[Collected data entries]
--- START ---

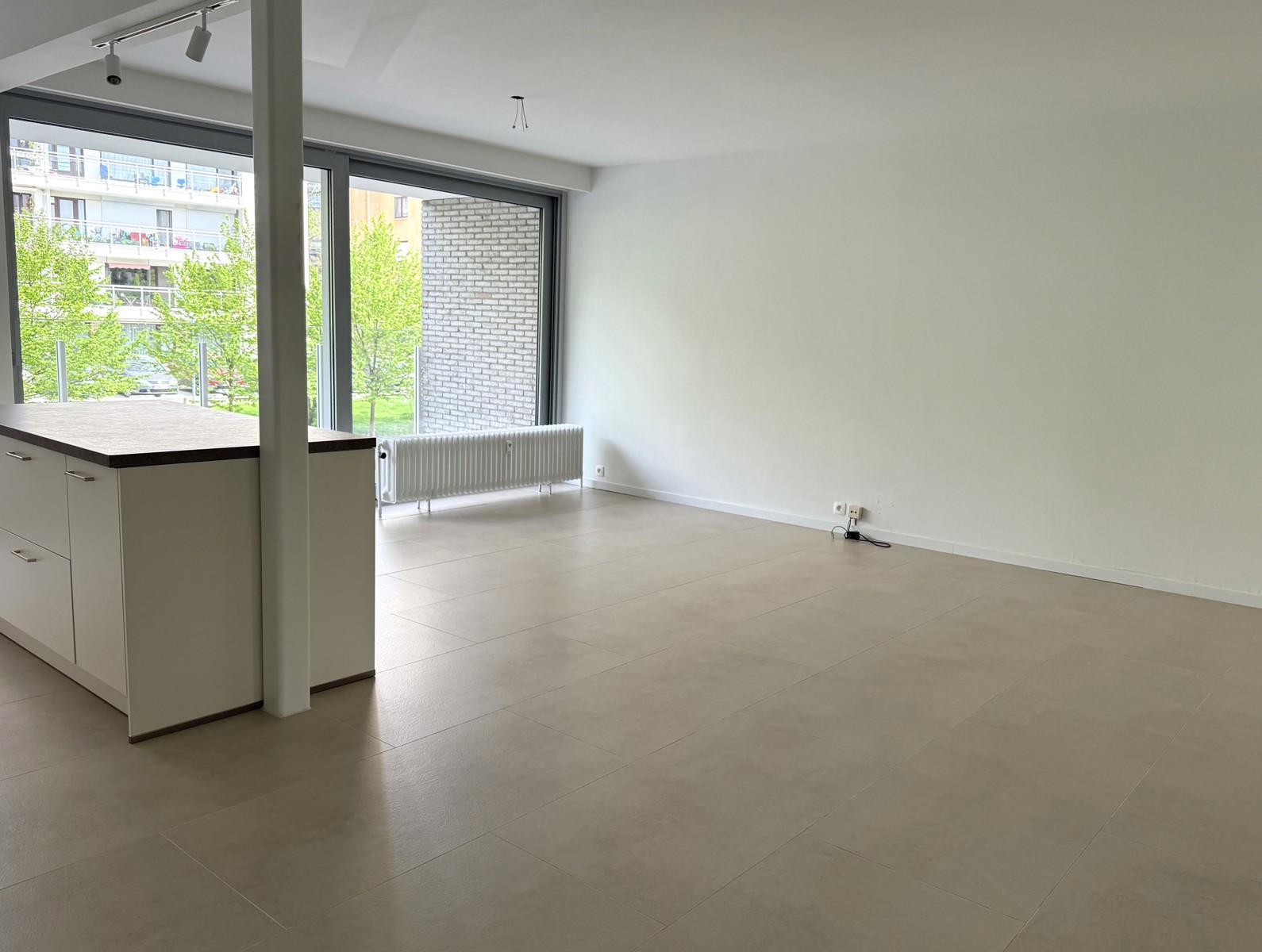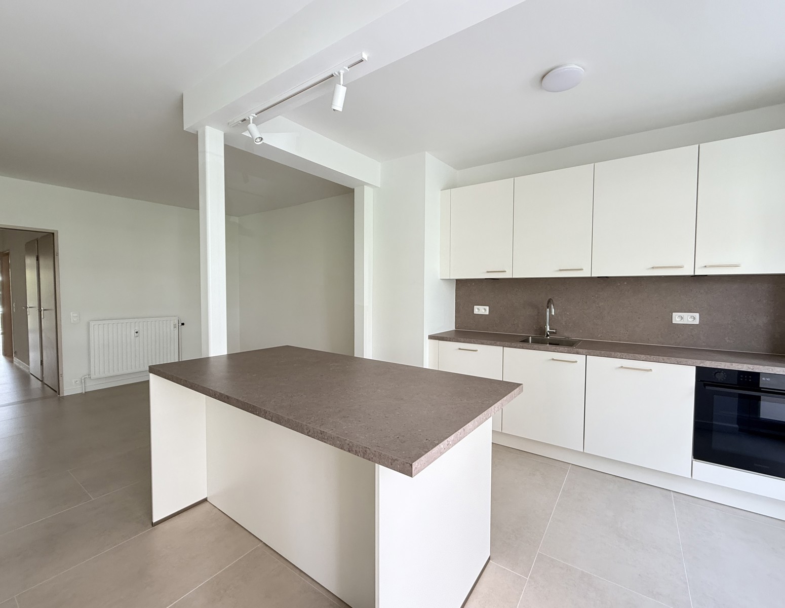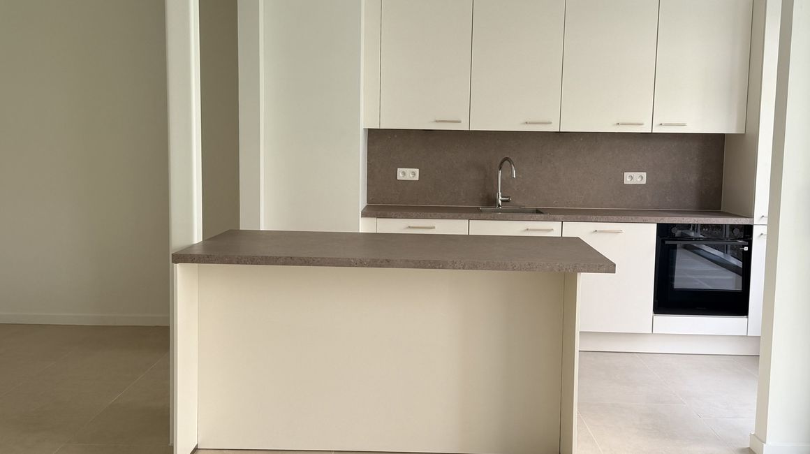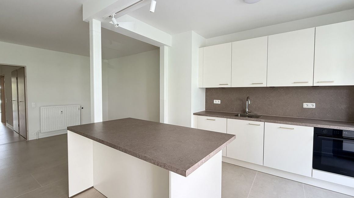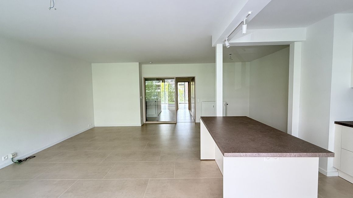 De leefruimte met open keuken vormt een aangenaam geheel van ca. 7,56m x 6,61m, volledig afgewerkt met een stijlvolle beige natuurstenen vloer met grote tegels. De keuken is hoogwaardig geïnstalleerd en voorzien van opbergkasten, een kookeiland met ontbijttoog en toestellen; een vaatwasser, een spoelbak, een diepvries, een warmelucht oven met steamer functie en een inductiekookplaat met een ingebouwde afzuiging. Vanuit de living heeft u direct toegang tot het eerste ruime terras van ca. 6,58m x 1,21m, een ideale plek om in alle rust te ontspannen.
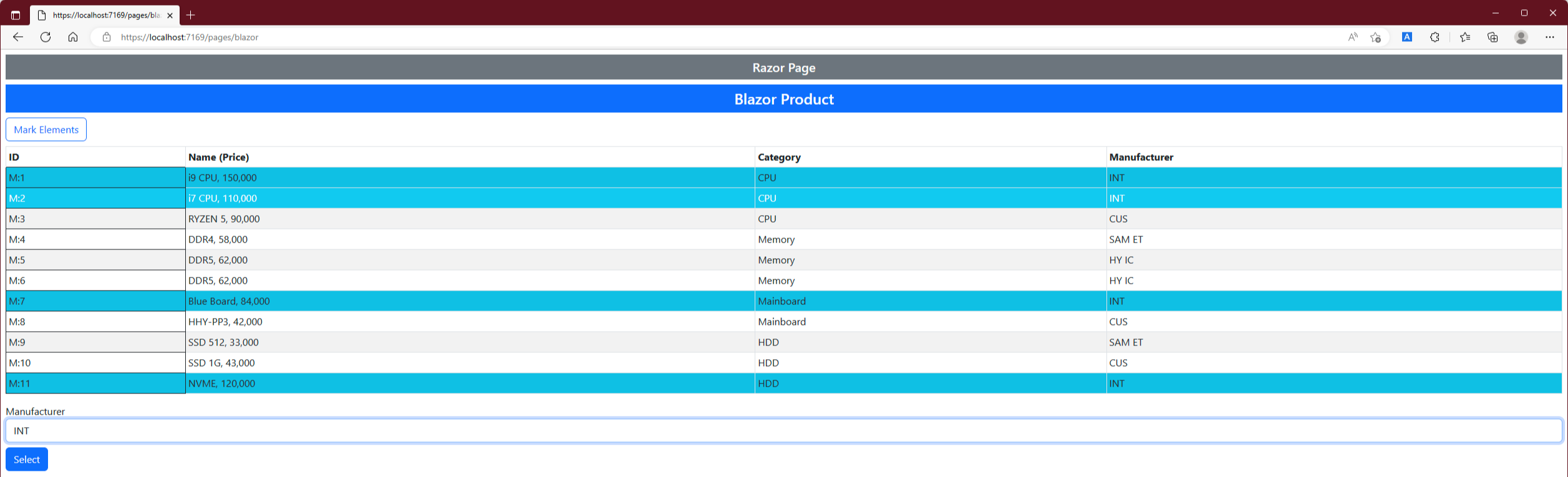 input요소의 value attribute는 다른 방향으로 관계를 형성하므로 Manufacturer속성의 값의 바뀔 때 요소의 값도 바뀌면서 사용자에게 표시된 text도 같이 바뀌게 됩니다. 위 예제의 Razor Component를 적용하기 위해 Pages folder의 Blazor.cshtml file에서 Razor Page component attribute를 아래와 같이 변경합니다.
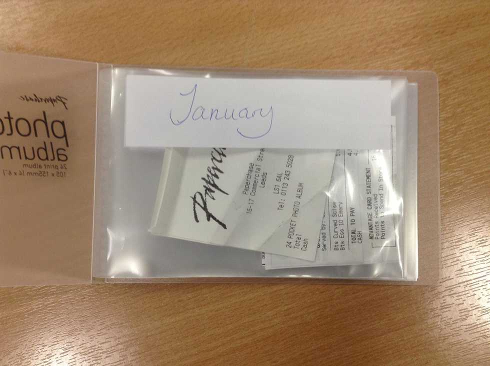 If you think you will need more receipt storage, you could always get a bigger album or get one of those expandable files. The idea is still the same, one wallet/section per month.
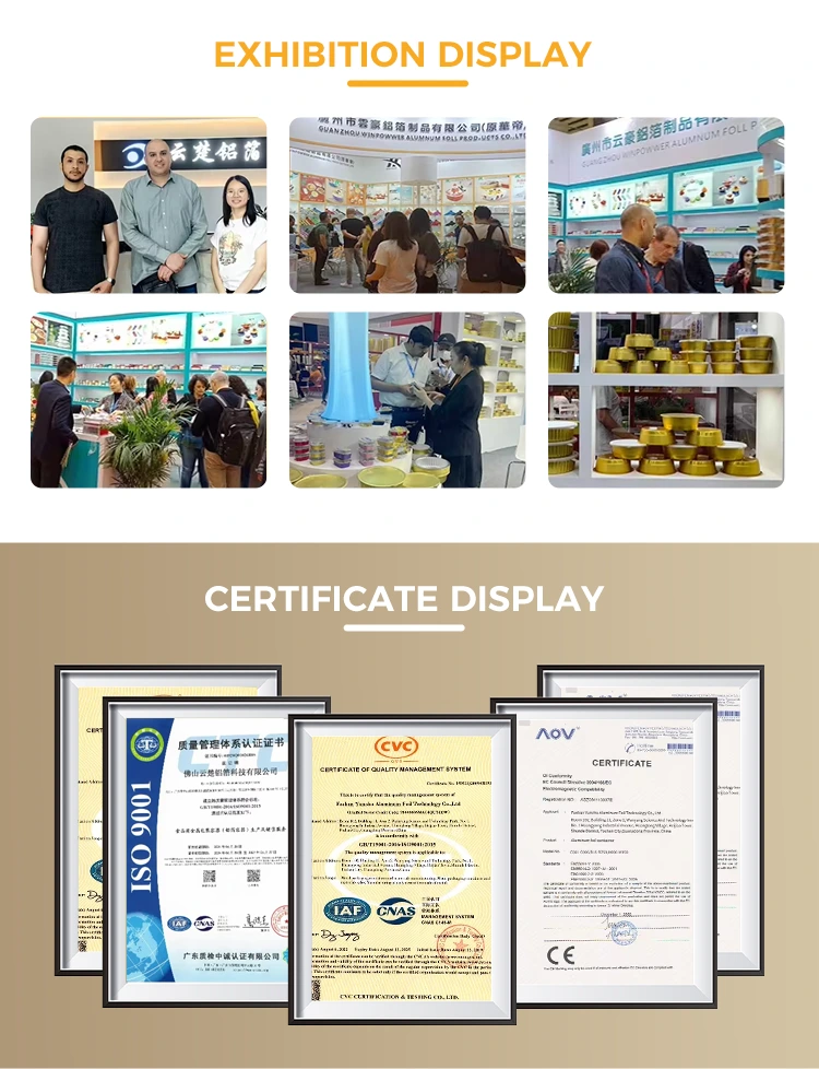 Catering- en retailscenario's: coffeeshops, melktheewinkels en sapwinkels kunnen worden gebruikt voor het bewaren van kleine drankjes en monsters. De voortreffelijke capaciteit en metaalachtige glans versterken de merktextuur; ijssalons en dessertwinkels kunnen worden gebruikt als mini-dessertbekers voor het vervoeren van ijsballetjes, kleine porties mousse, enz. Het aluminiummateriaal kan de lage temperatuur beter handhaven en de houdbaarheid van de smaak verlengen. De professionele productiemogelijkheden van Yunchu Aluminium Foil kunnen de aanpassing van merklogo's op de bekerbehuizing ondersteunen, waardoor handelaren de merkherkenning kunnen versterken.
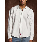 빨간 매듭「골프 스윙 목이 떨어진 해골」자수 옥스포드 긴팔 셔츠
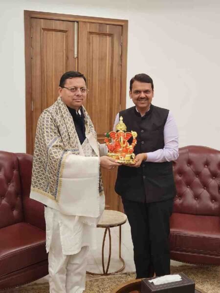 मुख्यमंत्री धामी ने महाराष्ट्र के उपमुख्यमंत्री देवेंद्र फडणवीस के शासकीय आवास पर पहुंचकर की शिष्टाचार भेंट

--- END ---

• _EXERCISE OBJECTIVE_
Restate the records above exactly, less any pictures.

• _EXERCISE SOLUTION_
 De leefruimte met open keuken vormt een aangenaam geheel van ca. 7,56m x 6,61m, volledig afgewerkt met een stijlvolle beige natuurstenen vloer met grote tegels. De keuken is hoogwaardig geïnstalleerd en voorzien van opbergkasten, een kookeiland met ontbijttoog en toestellen; een vaatwasser, een spoelbak, een diepvries, een warmelucht oven met steamer functie en een inductiekookplaat met een ingebouwde afzuiging. Vanuit de living heeft u direct toegang tot het eerste ruime terras van ca. 6,58m x 1,21m, een ideale plek om in alle rust te ontspannen.
 input요소의 value attribute는 다른 방향으로 관계를 형성하므로 Manufacturer속성의 값의 바뀔 때 요소의 값도 바뀌면서 사용자에게 표시된 text도 같이 바뀌게 됩니다. 위 예제의 Razor Component를 적용하기 위해 Pages folder의 Blazor.cshtml file에서 Razor Page component attribute를 아래와 같이 변경합니다.
 If you think you will need more receipt storage, you could always get a bigger album or get one of those expandable files. The idea is still the same, one wallet/section per month.
 Catering- en retailscenario's: coffeeshops, melktheewinkels en sapwinkels kunnen worden gebruikt voor het bewaren van kleine drankjes en monsters. De voortreffelijke capaciteit en metaalachtige glans versterken de merktextuur; ijssalons en dessertwinkels kunnen worden gebruikt als mini-dessertbekers voor het vervoeren van ijsballetjes, kleine porties mousse, enz. Het aluminiummateriaal kan de lage temperatuur beter handhaven en de houdbaarheid van de smaak verlengen. De professionele productiemogelijkheden van Yunchu Aluminium Foil kunnen de aanpassing van merklogo's op de bekerbehuizing ondersteunen, waardoor handelaren de merkherkenning kunnen versterken.
 빨간 매듭「골프 스윙 목이 떨어진 해골」자수 옥스포드 긴팔 셔츠
 मुख्यमंत्री धामी ने महाराष्ट्र के उपमुख्यमंत्री देवेंद्र फडणवीस के शासकीय आवास पर पहुंचकर की शिष्टाचार भेंट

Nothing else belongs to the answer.